The High Court's judgment in R (on the application of Archer) v HMRC  EWHC 296 (Admin) is one of a number of recent decisions where it has been found that the taxpayer had not challenged HMRC's decision in the correct forum.
The Archer case raises an important point of principle regarding the scope of the judicial review jurisdiction in the context of statutory tax appeals. There has been a raft of recent decisions regarding taxpayer challenges to HMRC decisions where the taxpayers, by choosing the wrong forum in which to bring their challenges, have had their cases dismissed. The decision as to whether to appeal a decision to the First-tier Tribunal (FTT) or challenge it by way of judicial review proceedings may not be straightforward.
Archer also raises a number of points of principle regarding the effect of closure notices issued by HMRC to taxpayers which fail to specify the amount of the tax HMRC contends should be paid and the scope of section 114 Tax Management Act 1970 (TMA), in particular, the ability of the court or tribunal to correct errors in closure notices.

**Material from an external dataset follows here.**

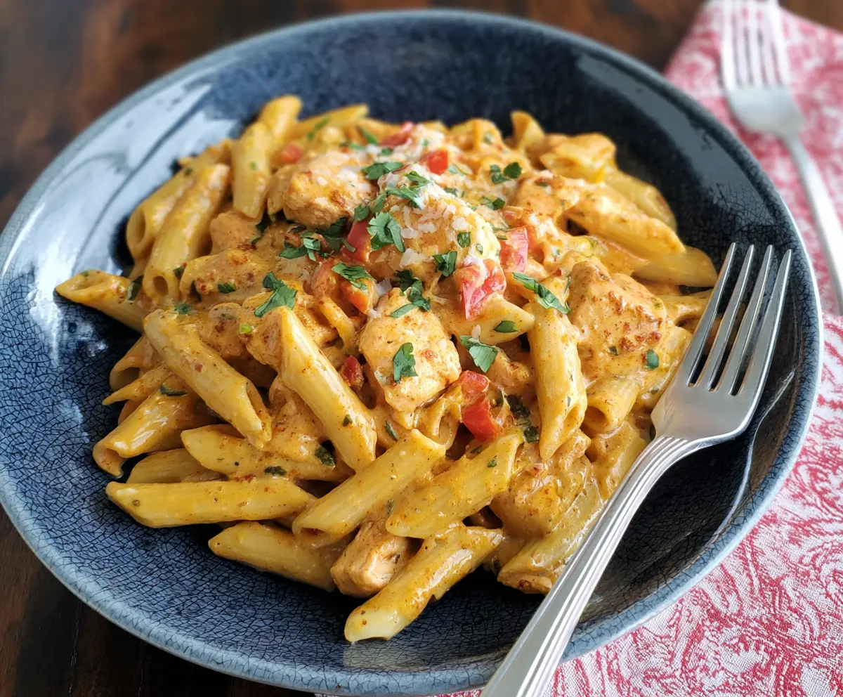 Return the cooked chicken to the skillet. Add the drained penne pasta and gently toss everything together until the pasta is evenly coated with that luscious sauce.

Mr Archer participated in two tax avoidance schemes which were designed to create losses. The first involved relevant discounted securities (RDS) and the second involved the surrender of second-hand life assurance policies (SHIPS). Mr Archer claimed losses in his tax returns for the years 2001/2002 and 2002/2003. HMRC opened enquiries into these returns (the enquiries). In 2009, the Court of Appeal found (following appeals by other taxpayers) that both schemes were ineffective in Astall & Edwards v HMRC  EWCA Civ 1010 and Drummond v HMRC  EWCA Civ 608.
On 30 October 2015, HMRC issued Mr Archer with Accelerated Payment Notices and Follower Notices in respect of the RDS scheme and on 15 January 2016 it issued an Accelerated Payment Notice and Follower Notice in respect of the SHIPS scheme.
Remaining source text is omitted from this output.